A new systematic review highlights the potential of psychedelic-assisted therapy for substance use disorders, finding psilocybin to be the most promising treatment for alcohol use disorder (AUD).
Researchers from King’s College London, the University of Birmingham, and the South London and Maudsley NHS Foundation Trust reviewed 37 studies involving 2,035 participants, assessing treatments with LSD, mescaline, psilocybin, ayahuasca, ketamine, ibogaine, and MDMA.
According to the study, published in the journal Addiction, “A two-centre, placebo-controlled, phase 2 superiority RCT of psilocybin for AUD, and a two-centre, double-blind, four-arm, placebo-controlled phase 2 RCT of ketamine for AUD yielded the best evidence of efficacy.”
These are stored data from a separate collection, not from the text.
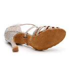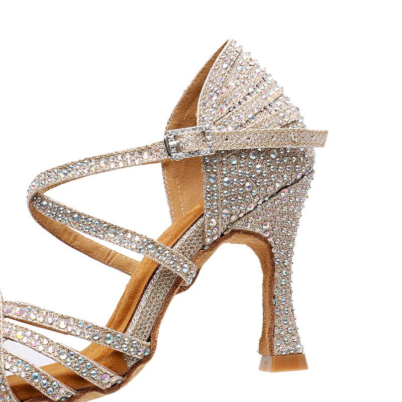 Graue Tanzschuhe mit Strasssteinen und Glitzersteinen für Damen
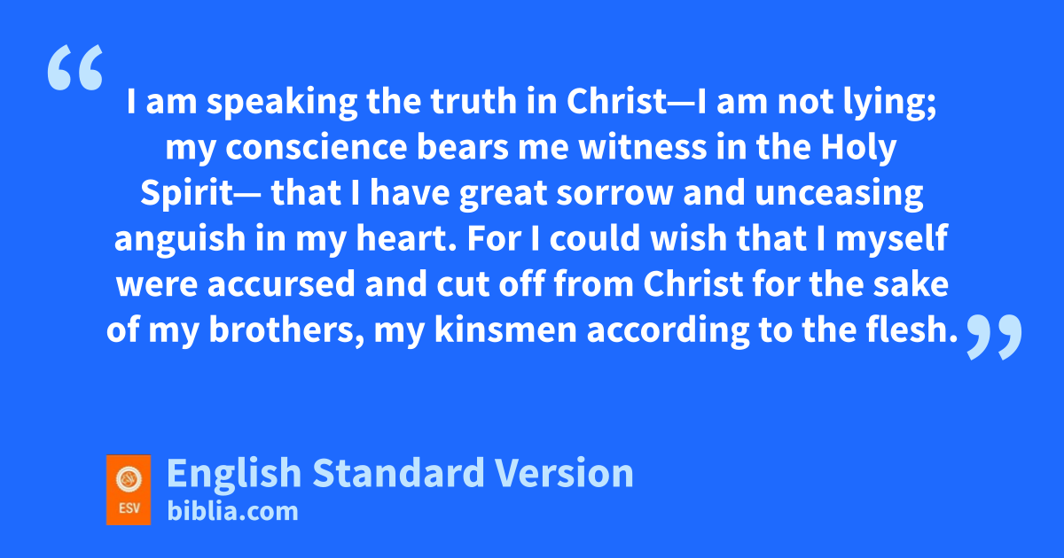 9 aI am speaking the truth in Christ—I am not lying; my conscience bears me witness in the Holy Spirit— 2 that I have great sorrow and unceasing anguish in my heart. 3 For bI could wish that I myself were caccursed and cut off from Christ for the sake of my brothers,1 my kinsmen daccording to the flesh. 4 They are eIsraelites, and to them belong fthe adoption, gthe glory, hthe covenants, ithe giving of the law, jthe worship, and kthe promises. 5 To them belong lthe patriarchs, and from their race, according to the flesh, is the Christ, mwho is God over all, nblessed forever. Amen.
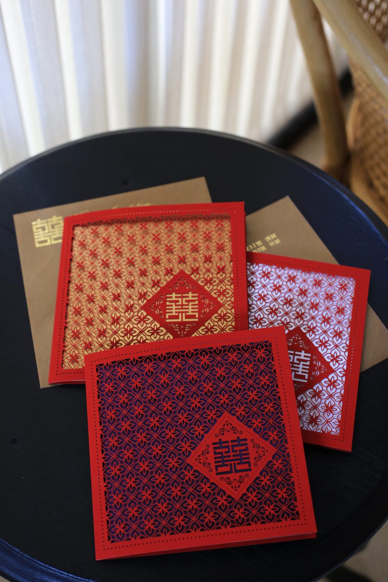 【喜上窗櫺】 當初找喜帖過程花了非常多的時間,因為我想要的是一張美式喜帖⋯但礙於我媽覺得對於長輩會太新潮⋯⋯於是我開始搜集各種樣式,唯獨#奶油喜帖 的質感放進我的名單~ 很快我就看中了這款,其實它有個非常感人的寓意! 官網寫到: 忙進忙出的身影透著窗影搖曳, 你說那累呢?臉上可是藏不住的笑意;吾家有女初長成,你說那樂呢?心裡則是藏不住的心疼。 總要記得家裡窗花的樣子,常常回來探望唷!爸爸心裡想著。 完全就是被這幾行字帶入情感,外卡的紅色絨面紙磅數非常夠,摸起來很溫暖,而紙雕展現精緻的工藝,在不同燈光下呈現出漸層,最細節的是 當燈光打下,會看到窗花的倒影(第二張圖)⋯⋯對於即將離家的我,覺得很美很美。 #buttercard #cofeEverafter #weddinginvitations
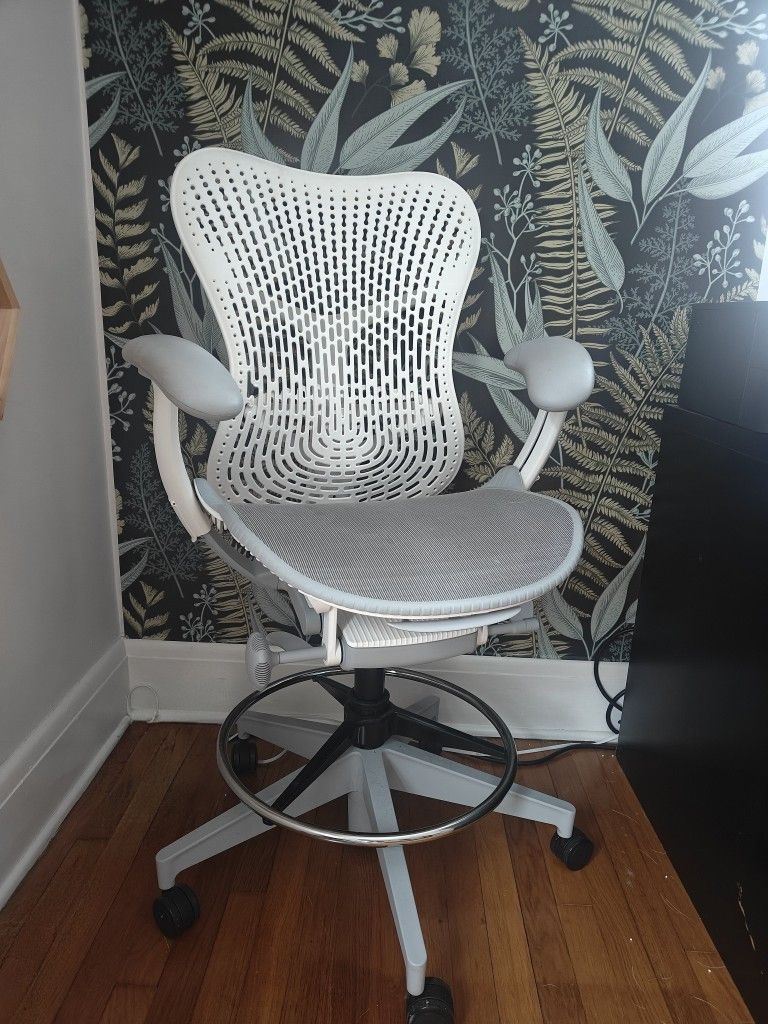 Adjustable high chair from Herman Miller Designed for freedom and movement, the Mirra 2 Stool is for people whose work style doesn't leave much room for sitting still. The intuitive adjustments and dynamic materials support a range of bodies, making this flexible counter-height office stool the perfect seat to share with coworkers and family. Mirra 2 Stool comes with two back options to further fine-tune your fit: the ultra-responsive Butterfly Back for a dynamic suspension membrane and the durable, easy-to-clean TriFlex back.
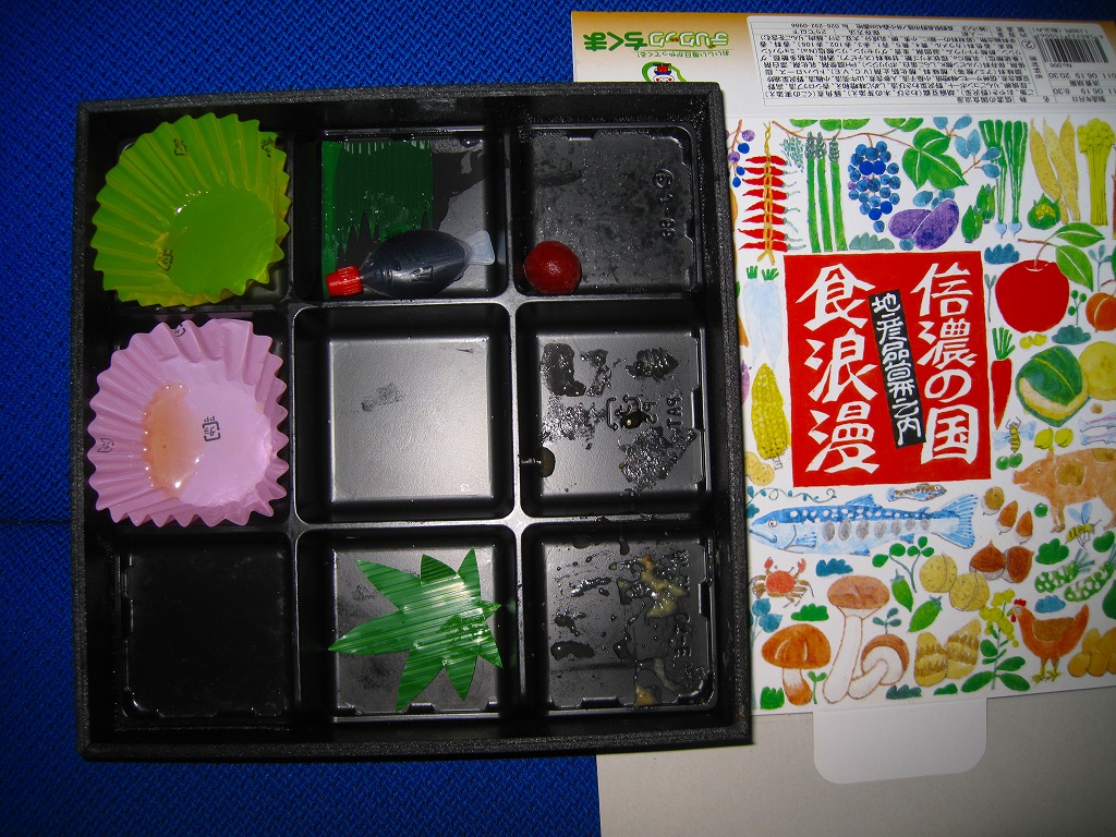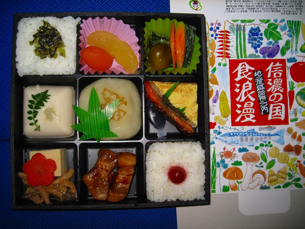 2009(平成21)年10月に長野駅で発売。黒い正方形の容器に、おそらく信濃の名物を大量に描いたボール紙を巻く。黒いプラ製トレーの9区画に詰まる中身は、野沢菜おやき、豚角煮、サーモン味噌焼と玉子焼、ごま豆腐、高野豆腐とシメジ味噌和えと花ニンジン、日の丸御飯、野沢菜載せ御飯、野沢菜や小ナスなどの漬物、りんごのコンポートとあんずのシロップ煮。確かに信州が詰まっているし、おやきをそのまま駅弁に入れてくるとは驚いた。駅弁大会に出るほどではないが、旅先に置いてほしい山の味。2014年頃までの販売か。

The study concludes by stating:
Psilocybin-assisted treatment for alcohol use disorder appears to have the best evidence of efficacy among all major psychedelic-assisted treatments for alcohol, tobacco, and other substance use disorders. Future research of psychedelic-assisted treatment should report all safety events; screen for person-level characteristics indicating that psychedelic-assisted substance use disorders treatment is contraindicated; strive to mitigate blinding of participants to interventions; use factorial designs for drug and psychotherapy randomised controlled trials; and build consensus for a field-specific Core Outcome Set.